> [TASK DIRECTIONS]:
From the records that follow, copy every line in which "blue" appears.

> [RECORDED DATA]:

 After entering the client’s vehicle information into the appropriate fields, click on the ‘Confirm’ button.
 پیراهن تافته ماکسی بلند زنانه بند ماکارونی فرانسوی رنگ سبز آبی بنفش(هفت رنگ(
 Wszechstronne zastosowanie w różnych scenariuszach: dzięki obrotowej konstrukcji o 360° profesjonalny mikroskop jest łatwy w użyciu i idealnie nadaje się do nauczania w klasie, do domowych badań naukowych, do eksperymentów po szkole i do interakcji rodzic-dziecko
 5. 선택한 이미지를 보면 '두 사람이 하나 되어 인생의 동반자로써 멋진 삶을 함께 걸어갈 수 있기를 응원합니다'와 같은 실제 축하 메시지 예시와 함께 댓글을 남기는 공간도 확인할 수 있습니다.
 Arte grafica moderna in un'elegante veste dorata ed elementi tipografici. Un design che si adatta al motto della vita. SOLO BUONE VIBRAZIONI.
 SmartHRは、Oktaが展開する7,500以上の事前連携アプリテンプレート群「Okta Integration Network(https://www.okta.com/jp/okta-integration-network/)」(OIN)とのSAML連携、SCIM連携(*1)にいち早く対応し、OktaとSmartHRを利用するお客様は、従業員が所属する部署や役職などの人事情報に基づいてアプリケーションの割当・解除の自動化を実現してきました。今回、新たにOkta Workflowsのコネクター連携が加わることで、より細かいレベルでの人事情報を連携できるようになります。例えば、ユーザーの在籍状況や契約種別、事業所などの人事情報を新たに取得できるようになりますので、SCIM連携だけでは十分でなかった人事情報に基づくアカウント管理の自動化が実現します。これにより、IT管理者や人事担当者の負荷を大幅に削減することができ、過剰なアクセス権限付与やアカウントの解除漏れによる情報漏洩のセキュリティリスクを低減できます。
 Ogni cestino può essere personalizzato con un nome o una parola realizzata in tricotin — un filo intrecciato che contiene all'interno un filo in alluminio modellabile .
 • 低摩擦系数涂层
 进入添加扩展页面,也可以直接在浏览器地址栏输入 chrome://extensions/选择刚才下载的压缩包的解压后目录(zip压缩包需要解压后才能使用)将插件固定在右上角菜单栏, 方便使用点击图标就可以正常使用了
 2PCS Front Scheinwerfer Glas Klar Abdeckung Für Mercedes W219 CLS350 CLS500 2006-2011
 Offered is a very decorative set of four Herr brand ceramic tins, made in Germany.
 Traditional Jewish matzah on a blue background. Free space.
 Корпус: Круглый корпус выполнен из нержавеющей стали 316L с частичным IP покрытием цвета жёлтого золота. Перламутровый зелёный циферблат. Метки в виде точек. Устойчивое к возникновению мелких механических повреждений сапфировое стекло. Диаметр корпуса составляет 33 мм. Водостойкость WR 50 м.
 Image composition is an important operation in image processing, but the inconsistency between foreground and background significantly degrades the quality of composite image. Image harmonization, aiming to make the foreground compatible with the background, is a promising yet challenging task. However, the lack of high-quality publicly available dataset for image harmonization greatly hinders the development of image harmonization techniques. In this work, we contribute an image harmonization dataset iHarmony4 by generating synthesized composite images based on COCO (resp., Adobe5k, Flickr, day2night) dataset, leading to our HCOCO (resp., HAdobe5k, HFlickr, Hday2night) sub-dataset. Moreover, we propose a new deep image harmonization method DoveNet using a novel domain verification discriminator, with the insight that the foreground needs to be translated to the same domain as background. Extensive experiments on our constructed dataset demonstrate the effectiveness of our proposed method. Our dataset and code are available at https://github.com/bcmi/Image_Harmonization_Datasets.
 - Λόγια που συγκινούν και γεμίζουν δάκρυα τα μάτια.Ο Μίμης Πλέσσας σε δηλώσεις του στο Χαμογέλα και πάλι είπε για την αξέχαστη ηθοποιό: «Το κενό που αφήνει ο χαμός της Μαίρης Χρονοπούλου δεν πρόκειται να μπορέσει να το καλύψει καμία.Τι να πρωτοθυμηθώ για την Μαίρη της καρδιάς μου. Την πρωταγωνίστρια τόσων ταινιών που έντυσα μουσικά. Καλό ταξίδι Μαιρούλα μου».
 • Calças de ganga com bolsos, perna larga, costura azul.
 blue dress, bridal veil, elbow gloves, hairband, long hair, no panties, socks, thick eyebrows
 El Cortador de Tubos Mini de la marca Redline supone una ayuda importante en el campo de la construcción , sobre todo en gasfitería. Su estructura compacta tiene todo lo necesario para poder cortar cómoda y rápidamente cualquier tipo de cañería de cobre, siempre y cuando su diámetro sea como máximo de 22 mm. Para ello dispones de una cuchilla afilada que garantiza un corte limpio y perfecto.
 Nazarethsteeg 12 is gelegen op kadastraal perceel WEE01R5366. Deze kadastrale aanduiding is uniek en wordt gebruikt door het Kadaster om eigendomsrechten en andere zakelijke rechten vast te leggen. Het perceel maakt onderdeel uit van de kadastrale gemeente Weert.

> [ANSWER SPACE]:
 Traditional Jewish matzah on a blue background. Free space.
 blue dress, bridal veil, elbow gloves, hairband, long hair, no panties, socks, thick eyebrows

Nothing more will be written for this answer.